“None of this makes sense other than to give it out in dividends,” he said. “The company has gone down in its shareholder valuation from a high of $82 in March 2000 down to about $19 now. It’s five times bigger, more profitable year after year and the shareholders are being left out to dry.”
Nader said he recently launched what he called a “penny brigade” to raise a penny for each of its outstanding 5.38 billion shares owned by investors to fund a Cisco watchdog advocate.
“If we can get Vanguard and Fidelity and some of these giant pension and mutual funds behind it, I think we can return more of the shareholders’ money to the shareholders and start a precedent for all these other giant corporations, who in their totality are sitting on $2 trillion of idle cash while the economy desperately needs more money for consumer demand to create more jobs,” Nader said.
The issue of dividends has been raised often with cash-rich companies such as Apple, which sits on nearly $100 billion. Many analysts expect the company will return some of that to shareholders, but the company has not explicitly said it would do so.
“We’re going to really start something big here,” Nader said. “No one in American history has ever managed to find a way to organize millions of American investor shareholders. We’re going to try.”
Among the “Fast Money” traders, reactions were mixed.
“When was loyalty in the business world ever something to be rewarded?” said Guy Adami of Drakon Capital.
Trader Karen Finerman said it shows support for management over the long-term, in effect saying, “You’ve made a lot of money, you should give some back to the shareholders particularly when the stock doesn’t get to a fair valuation because the cash weighs on it. Apple is the most perfect example.”

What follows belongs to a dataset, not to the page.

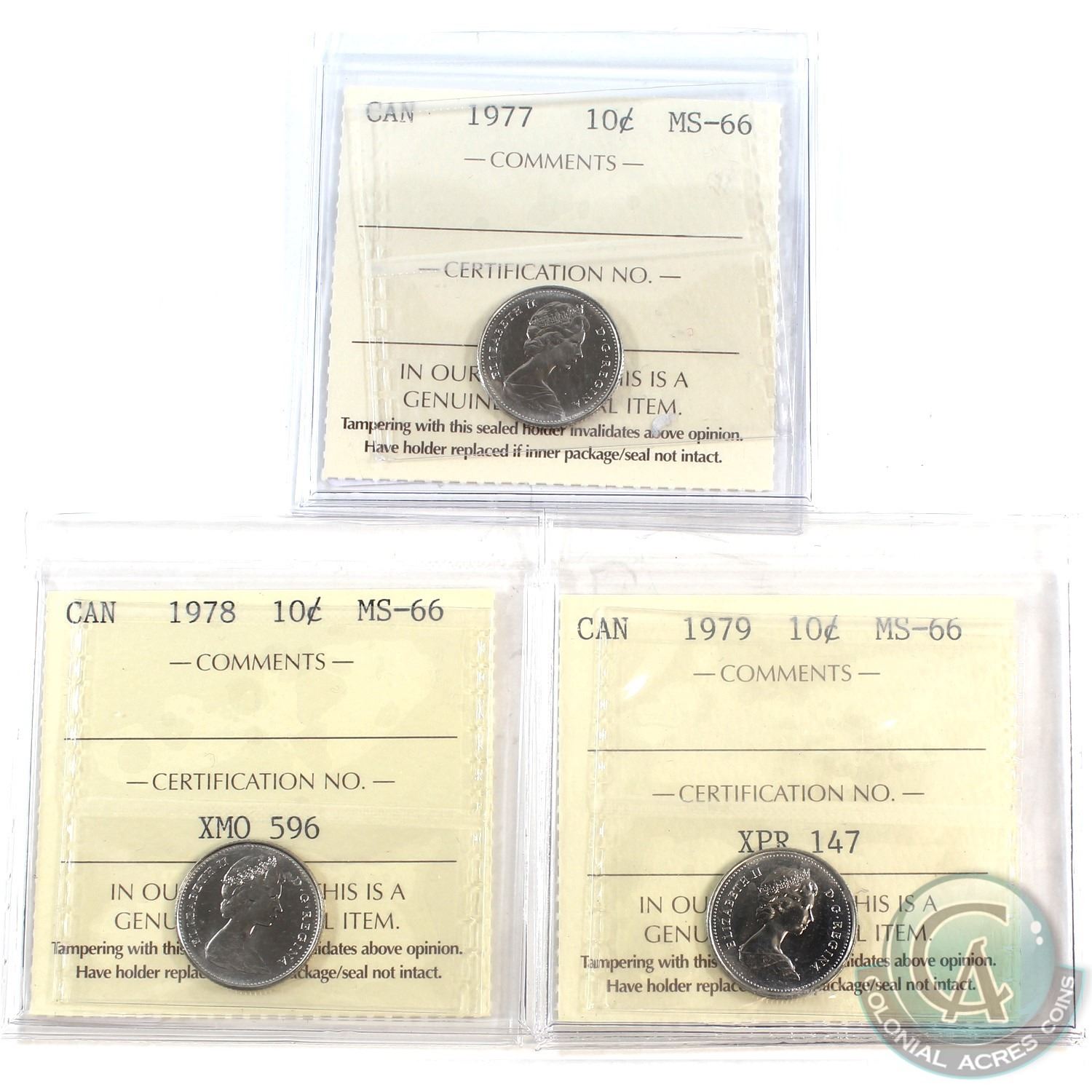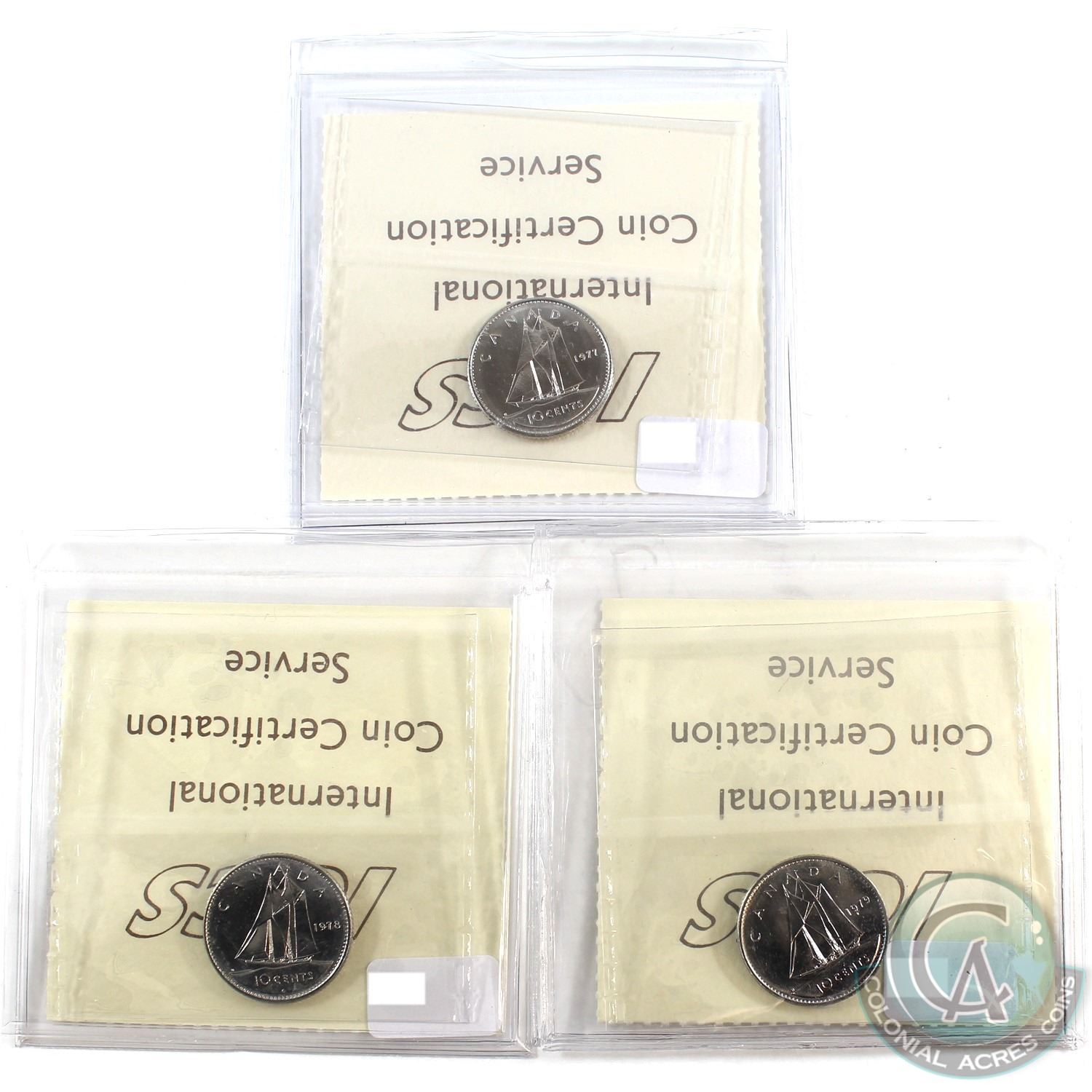 1977,1978 & 1979 Canada 10-cent ICCS Ceritified MS-66. 3pcs
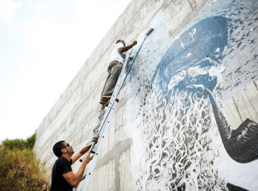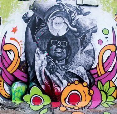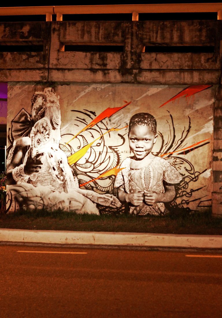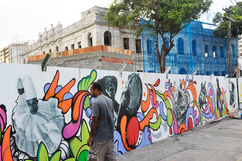 street art project with a mix of techniques between collages (lambes) and graffiti. Experience of artists André Chagas and Lucio Telles with a theme on the Traditional Popular Culture of Northeast Brazil

Mike Khouw of Cantor Fitzgerald said “reasonable tax policy” would help companies considering an increase in dividends.
“First of all, I’m glad to see more advocates for shareholders, but I think one of the important parts of this dialogue that hasn’t been mentioned yet is repatriation of cash is part of the calculus when you’re trying to determine what kind of dividends can be paid,” he said. “I think in Cisco’s case, you’re dealing with 70 to 80 percent of the cash on their balance sheet may actually be international.”
Cisco shares closed up 0.4 percent at $19.65.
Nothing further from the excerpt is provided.